We seem over the years to have gravitated from one extreme to another. Take for example the illustration of food in cookery books. The subject of a work of art has, of course, nothing to do with its beauty, but still there is always something depressing about the coloured lithograph of a leg of mutton in a Victorian cookery book. Today, the portraying of food verges on that of culinary porn; when in reality all we might really need is a recipe for making Brussels sprouts edible.

I think that at the current juncture, the real difficulty that we all have to face in life, is not so much the science of cookery as the imagination of cooks.

There are those who should for their iniquities be turned into pillars of salt if not knowing how to use this essential ingredient. But at least they have tried. Then there are those, who have discarded their heritage and subsist on take aways, chicken in a bag, or McDonalds. Perhaps the pandemic lockdown and self-isolation will spur on some improvement.

Recently I was researching Victorian recipes, and came across one book entitled “Dinner and Dishes,” the author of which went under the rather sinister name of “The Wanderer.”

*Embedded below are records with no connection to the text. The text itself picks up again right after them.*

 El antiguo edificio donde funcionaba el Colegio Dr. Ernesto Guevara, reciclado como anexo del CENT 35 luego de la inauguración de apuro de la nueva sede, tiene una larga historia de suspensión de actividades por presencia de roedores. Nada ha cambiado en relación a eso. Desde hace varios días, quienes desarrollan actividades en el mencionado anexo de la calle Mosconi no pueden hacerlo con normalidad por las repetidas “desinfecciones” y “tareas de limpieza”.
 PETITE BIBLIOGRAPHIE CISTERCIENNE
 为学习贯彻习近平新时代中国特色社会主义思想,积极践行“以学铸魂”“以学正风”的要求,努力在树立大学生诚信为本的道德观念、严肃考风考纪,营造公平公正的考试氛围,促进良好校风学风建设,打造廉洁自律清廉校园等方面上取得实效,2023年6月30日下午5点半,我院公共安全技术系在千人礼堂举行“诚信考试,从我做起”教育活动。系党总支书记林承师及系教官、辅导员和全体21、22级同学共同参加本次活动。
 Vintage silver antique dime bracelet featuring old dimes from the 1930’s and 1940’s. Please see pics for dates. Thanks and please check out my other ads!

As you can imagine he was not a stuck at home kind of character. In it, he describes how he had travelled extensively. He recounts that he had eaten back-hendl at Vienna and kulibatsch at St. Petersburg; he has had the courage to face the buffalo veal of Romania; he has serious views on the right method of cooking those famous white truffles of Turin of which Alexandre Dumas was so fond; and, in the face of the Oriental Club, declared that Bombay curry is better than the curry of Bengal.

Sounds like a man after my own heart.

AuntShecky
04-17-2020, 03:25 PM
/Sigh/
All I need is somebody to get some groceries. But I can't help feeling guilty when asking a loved one to risk his or her life just so I can get some ingredients for risotto. (Let alone toilet paper.)

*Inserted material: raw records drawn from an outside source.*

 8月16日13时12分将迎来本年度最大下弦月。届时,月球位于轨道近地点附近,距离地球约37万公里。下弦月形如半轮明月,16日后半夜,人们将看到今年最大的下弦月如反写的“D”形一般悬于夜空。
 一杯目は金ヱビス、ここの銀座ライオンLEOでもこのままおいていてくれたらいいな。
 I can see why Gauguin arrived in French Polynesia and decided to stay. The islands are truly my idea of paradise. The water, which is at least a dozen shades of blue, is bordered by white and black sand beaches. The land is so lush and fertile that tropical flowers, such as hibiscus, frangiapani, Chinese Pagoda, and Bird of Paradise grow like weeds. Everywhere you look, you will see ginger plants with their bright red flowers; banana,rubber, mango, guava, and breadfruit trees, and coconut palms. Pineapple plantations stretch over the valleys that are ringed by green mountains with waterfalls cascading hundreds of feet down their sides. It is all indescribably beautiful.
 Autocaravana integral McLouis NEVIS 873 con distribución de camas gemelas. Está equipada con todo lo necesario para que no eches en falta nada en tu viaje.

Still, the grocery store workers aren't any less brave than hospital workers. All essential workers deserve our gratitude. (That includes postal carriers!)

Stay well, NitLetters!

Danik 2016
04-18-2020, 09:27 AM
Hi, Aunt Shecki,
I hope you have found someone, who is already out in the street, to run small errands for you. I live at about ten paces from grocery and supermarket, but where I live people who can, specially if over 60, are beseeched to stay at home. But some of the stores send the ware. And yes, all essential workers are brave, without them quarantine would not be possible.
Stay well, too!
@Manichaean,

By your title I expected some exotic but practical quarantine recipes and I get "The Wanderer"!:D!
On a more modest note I am trying to cook dishes I didn´t try for ages. My most recent experiment is cooking rice without fat and salt.
It works when using an anti adherent pot. However, when transfered to the fridge it blends into a grub to the moto "Closely united we win any contest".
But if one warms the grub with a bit of water one recuperates the grains.
Anyway the quarantine is stimulating your creativity!
Stay well !

MANICHAEAN
04-19-2020, 09:40 AM
Hi Danik

One of the stimuli of this pandemic and self isolation is that it is either: forcing those who live on McDonalds / takeaways to start cooking, or giving time for the creative juices of those who aspire to culinary heights.

Today I'm trying for the first time " Plov", a Russian lamb pilau. Bit like a East European biryani I think.

Stay safe.
M.

Danik 2016
04-20-2020, 11:15 AM
Hope you enjoyed the dish, whatever it is made of beside lamb.